Extracted material below:

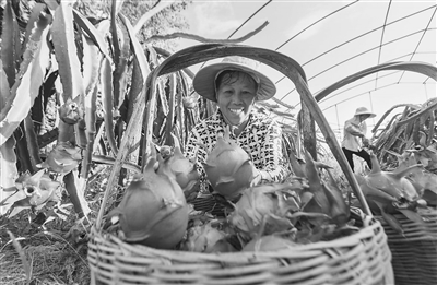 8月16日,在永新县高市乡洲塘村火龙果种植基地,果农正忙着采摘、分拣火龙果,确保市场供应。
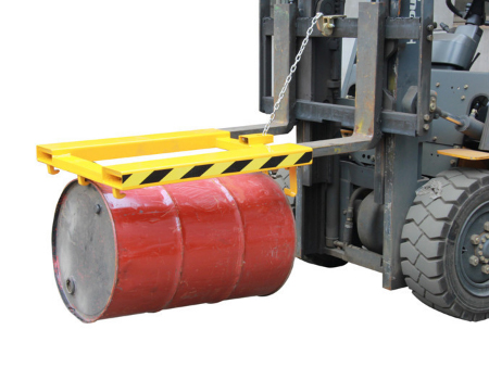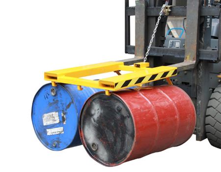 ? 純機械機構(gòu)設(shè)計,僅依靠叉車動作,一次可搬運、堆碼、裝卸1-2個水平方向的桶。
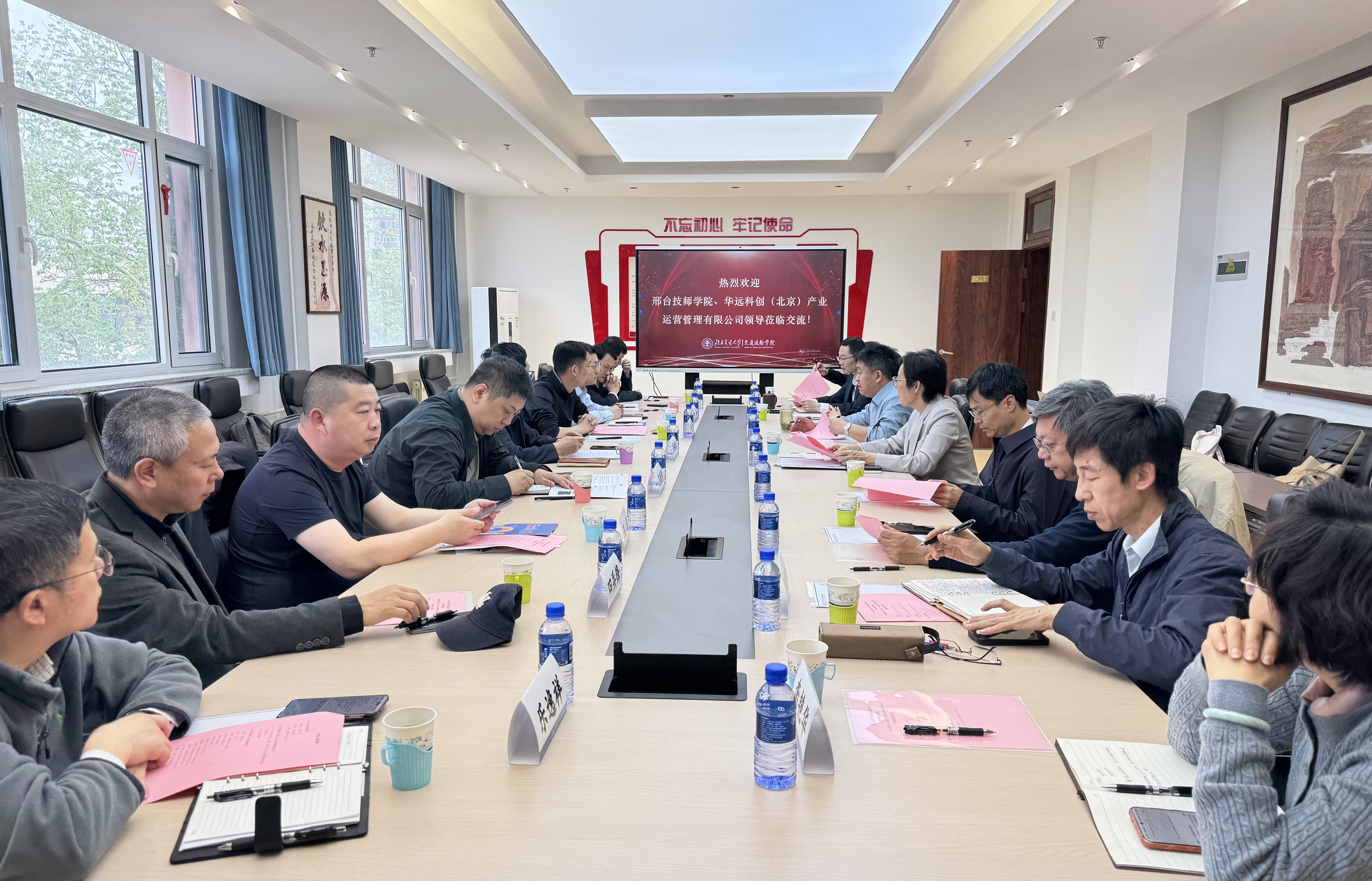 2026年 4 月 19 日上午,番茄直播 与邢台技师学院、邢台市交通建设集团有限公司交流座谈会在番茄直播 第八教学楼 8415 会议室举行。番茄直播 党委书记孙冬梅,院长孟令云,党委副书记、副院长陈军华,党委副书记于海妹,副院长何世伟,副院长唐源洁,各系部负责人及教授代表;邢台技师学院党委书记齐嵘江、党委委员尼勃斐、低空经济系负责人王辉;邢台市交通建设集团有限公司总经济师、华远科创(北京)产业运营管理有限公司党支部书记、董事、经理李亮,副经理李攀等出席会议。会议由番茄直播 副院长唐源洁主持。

End of Extracted material.
Extracted material below:

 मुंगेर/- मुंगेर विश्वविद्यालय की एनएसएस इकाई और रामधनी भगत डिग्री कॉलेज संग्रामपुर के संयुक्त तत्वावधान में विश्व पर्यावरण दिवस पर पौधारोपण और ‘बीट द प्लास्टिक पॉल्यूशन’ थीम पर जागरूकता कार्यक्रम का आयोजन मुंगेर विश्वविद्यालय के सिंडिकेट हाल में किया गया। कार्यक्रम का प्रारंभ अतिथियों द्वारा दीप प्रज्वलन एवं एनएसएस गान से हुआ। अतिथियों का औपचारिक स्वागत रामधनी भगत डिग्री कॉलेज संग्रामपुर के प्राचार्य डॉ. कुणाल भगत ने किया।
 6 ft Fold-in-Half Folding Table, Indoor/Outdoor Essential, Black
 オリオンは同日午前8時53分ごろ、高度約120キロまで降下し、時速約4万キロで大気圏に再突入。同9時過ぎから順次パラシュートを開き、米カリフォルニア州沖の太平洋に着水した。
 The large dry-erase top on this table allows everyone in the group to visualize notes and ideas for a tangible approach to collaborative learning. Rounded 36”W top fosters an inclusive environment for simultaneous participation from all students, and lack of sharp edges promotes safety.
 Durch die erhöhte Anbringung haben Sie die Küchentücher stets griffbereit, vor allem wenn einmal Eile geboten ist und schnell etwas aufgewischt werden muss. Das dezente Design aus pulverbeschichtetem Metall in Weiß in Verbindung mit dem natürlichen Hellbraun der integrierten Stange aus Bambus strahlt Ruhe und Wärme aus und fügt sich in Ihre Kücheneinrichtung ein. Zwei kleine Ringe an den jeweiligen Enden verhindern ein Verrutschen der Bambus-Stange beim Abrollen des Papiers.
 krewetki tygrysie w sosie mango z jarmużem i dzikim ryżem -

End of Extracted material.
Extracted material below:

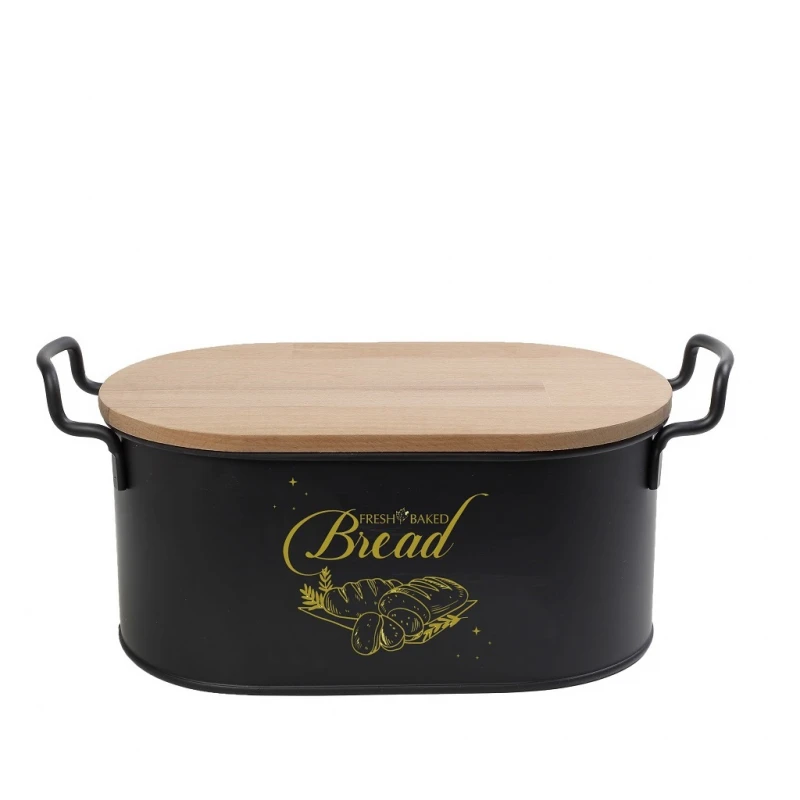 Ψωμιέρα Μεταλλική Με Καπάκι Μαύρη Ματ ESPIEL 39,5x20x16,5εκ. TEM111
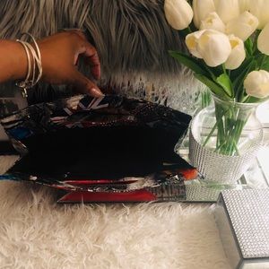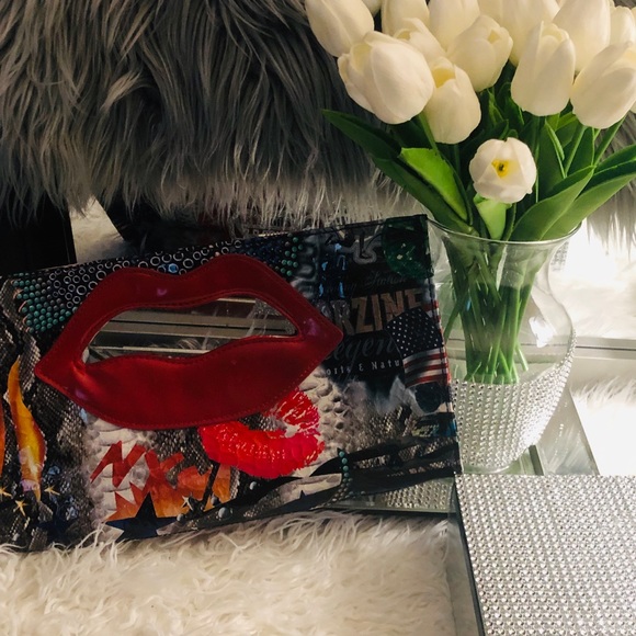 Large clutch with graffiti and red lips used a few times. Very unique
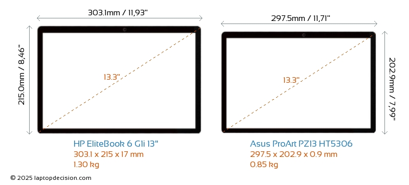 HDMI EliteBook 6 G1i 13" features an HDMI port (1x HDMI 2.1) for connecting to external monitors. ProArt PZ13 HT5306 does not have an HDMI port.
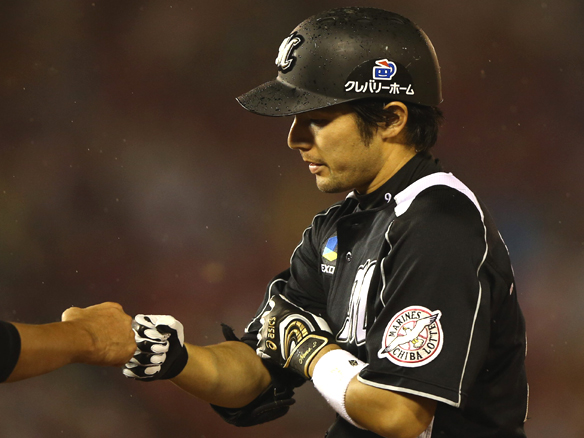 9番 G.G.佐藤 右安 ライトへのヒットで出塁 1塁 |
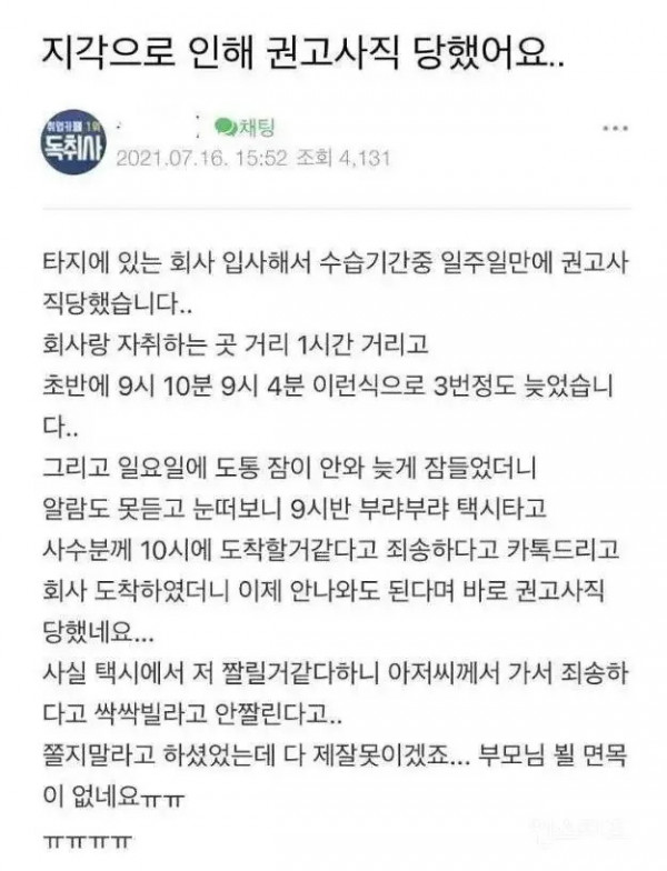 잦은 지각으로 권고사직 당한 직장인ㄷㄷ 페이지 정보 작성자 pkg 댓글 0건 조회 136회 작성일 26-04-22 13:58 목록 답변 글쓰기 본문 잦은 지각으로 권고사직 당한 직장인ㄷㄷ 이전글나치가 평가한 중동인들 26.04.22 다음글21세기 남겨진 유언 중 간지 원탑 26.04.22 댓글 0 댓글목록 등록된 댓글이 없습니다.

End of Extracted material.

**Task requirements:**
In the listing above, find the line with "9番 G.G.佐藤 右安 ライトへのヒットで出塁 1塁 |" and the line with "잦은 지각으로 권고사직 당한 직장인ㄷㄷ 페이지". Copy exactly those lines and all between them, minus the images.

**Response below:**
 9番 G.G.佐藤 右安 ライトへのヒットで出塁 1塁 |
 잦은 지각으로 권고사직 당한 직장인ㄷㄷ 페이지 정보 작성자 pkg 댓글 0건 조회 136회 작성일 26-04-22 13:58 목록 답변 글쓰기 본문 잦은 지각으로 권고사직 당한 직장인ㄷㄷ 이전글나치가 평가한 중동인들 26.04.22 다음글21세기 남겨진 유언 중 간지 원탑 26.04.22 댓글 0 댓글목록 등록된 댓글이 없습니다.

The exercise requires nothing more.